Bewegungsangebote auch auf Schulhöfen sollten vielfältiger werden: In Bochum hatte man diese Idee für einen neuen Parcour an einer Gesamtschule.
Bewegungsangebote auch auf Schulhöfen sollten vielfältiger werden: In Bochum hatte man diese Idee für einen neuen Parcour an einer Gesamtschule.
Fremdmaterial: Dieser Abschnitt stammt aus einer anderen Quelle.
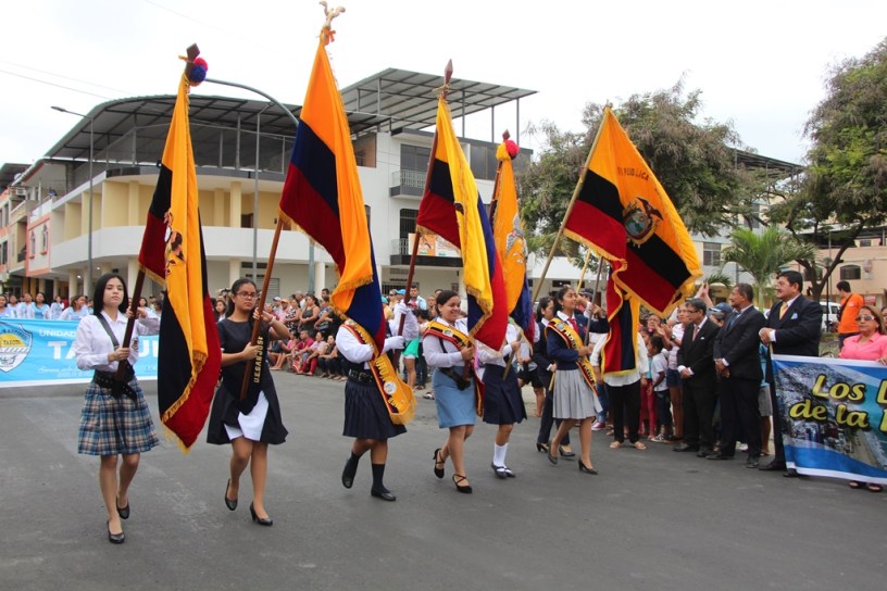 El segundo bloque fue conformado por los abanderados del tricolor del Ecuador; mientras que el tercero lo integraron doce instituciones educativas de Tarqui. El último y cuarto bloque fue para los comités barriales, asociaciones de comerciantes, reinas, clubes, y otras organizaciones sociales.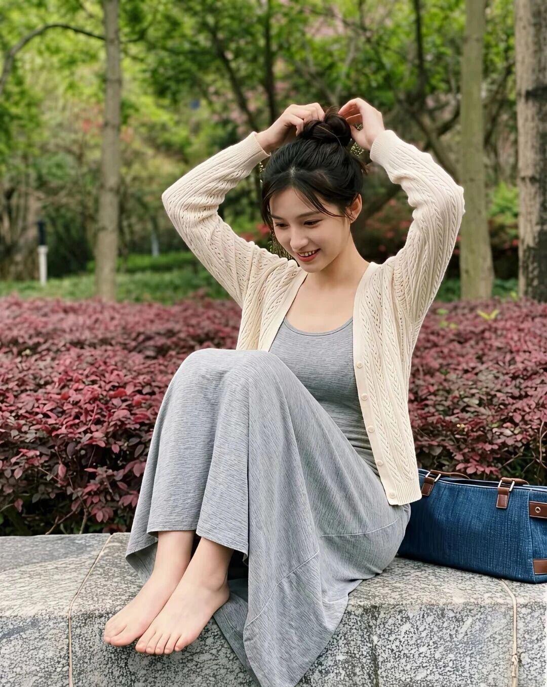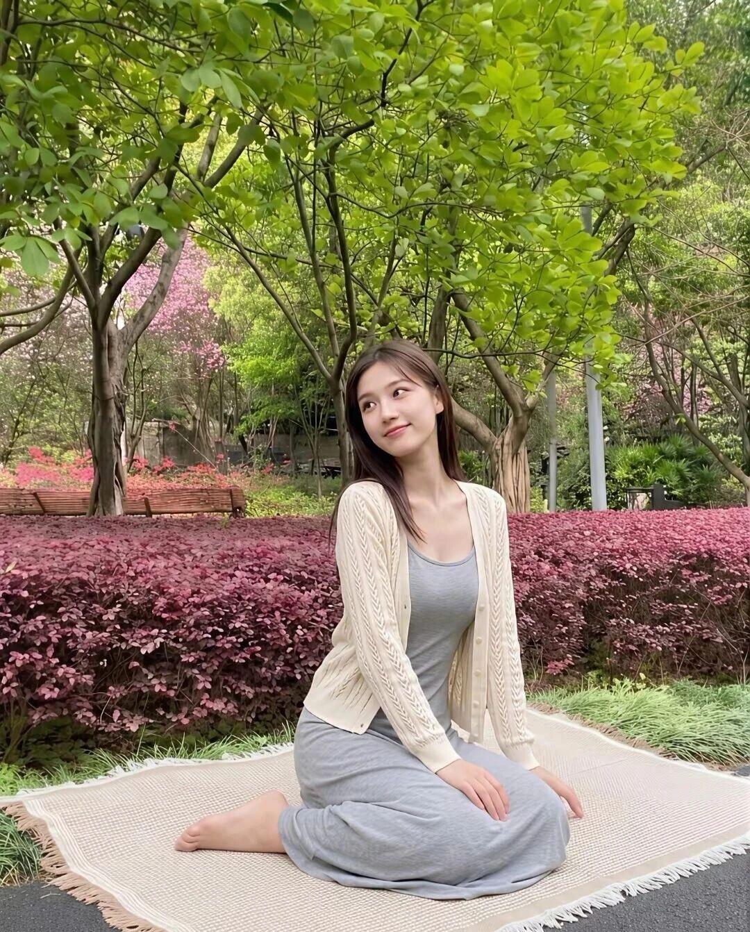 她时而坐在石阶上赤脚整理头发,时而在林间笑着蹦跳,每一个动作都透着松弛的自在感,完全没有刻意的拘束,整个人和春日的绿意融在一起,温柔又有生命力。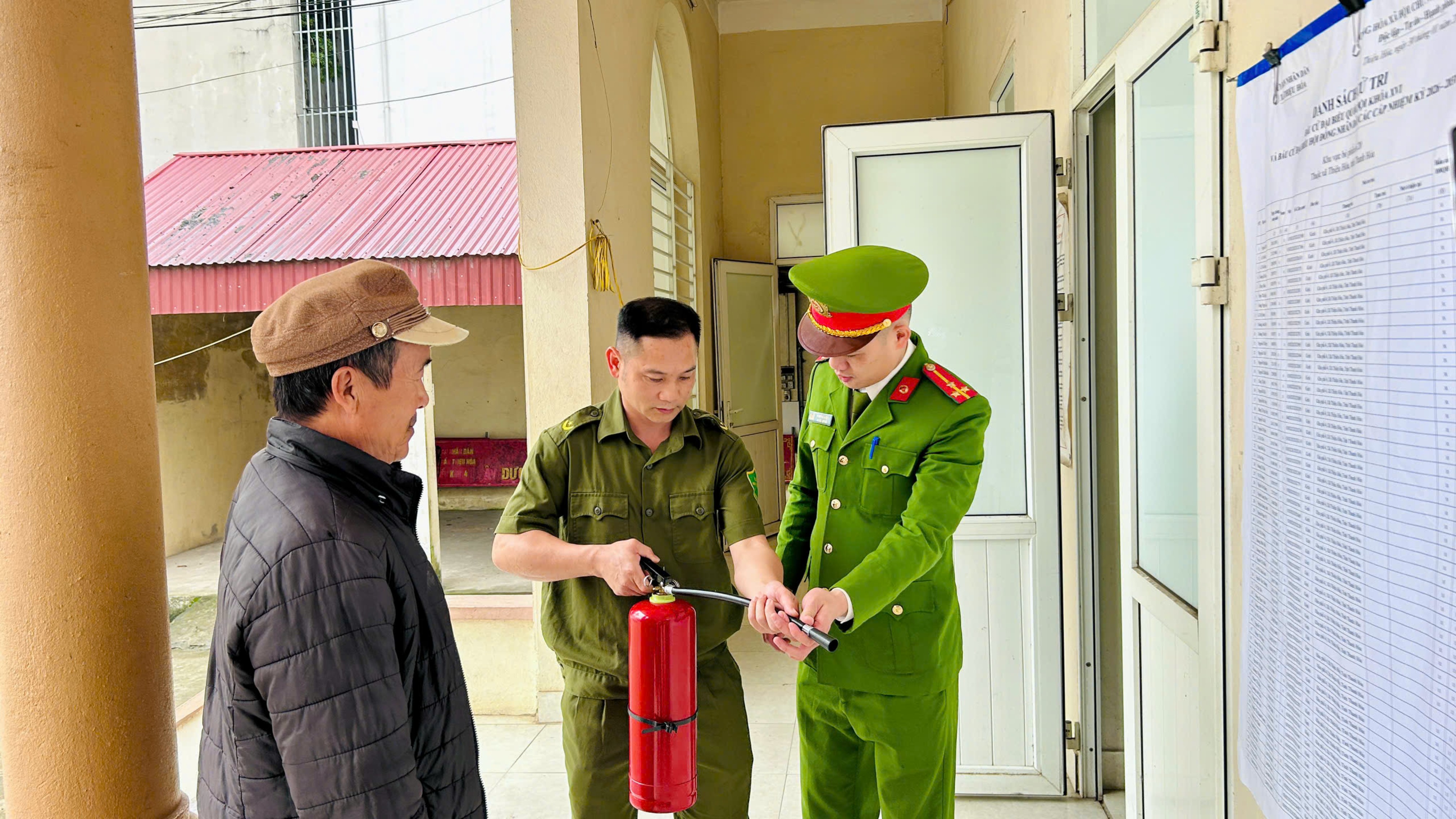 Song song với công tác bảo đảm ANTT, Công an xã Thiệu Hóa đã chủ động tổ chức kiểm tra, rà soát toàn diện điều kiện an toàn phòng cháy, chữa cháy (PCCC) tại các điểm bỏ phiếu; chú trọng hệ thống điện, khu vực để tài liệu, khu vực tập trung đông người. Quá trình kiểm tra, những tồn tại, thiếu sót được nhắc nhở, hướng dẫn khắc phục kịp thời. Lực lượng Công an xã phối hợp ban quản lý cơ sở, lực lượng bảo vệ và các tổ chức đoàn thể tổ chức tuyên truyền trực tiếp, hướng dẫn kỹ năng xử lý tình huống cháy, nổ ban đầu; kiểm tra việc trang bị bình chữa cháy, phương tiện PCCC tại chỗ và hướng dẫn sử dụng thành thạo khi có sự cố xảy ra.

Zehn bis 13 Jahre verbringen Heranwachsende an der Schule, etwa 30 Stunden pro Woche, mit Auswirkungen in die Freizeit. Die Institution solle nicht nur aus diesem Grund gesundheitsfördernd wirken, sondern auch, weil in diesen Lebensjahren Anlagen geweckt, Talente und Fähigkeiten entwickelt werden können. Dass die deutschen Schulen noch ein zu wenig unterstützendes Umfeld anbieten, zeigte der am Dienstag in Berlin vorgestellte Kindergesundheitsbericht. Erarbeitet wurde er unter Leitung der gemeinnützigen Stiftung Kindergesundheit, herausgegeben unter anderem vom Wort&Bild-Verlag für Gesundheitsmedien, einer Krankenkasse und dem Pharmahersteller MSD.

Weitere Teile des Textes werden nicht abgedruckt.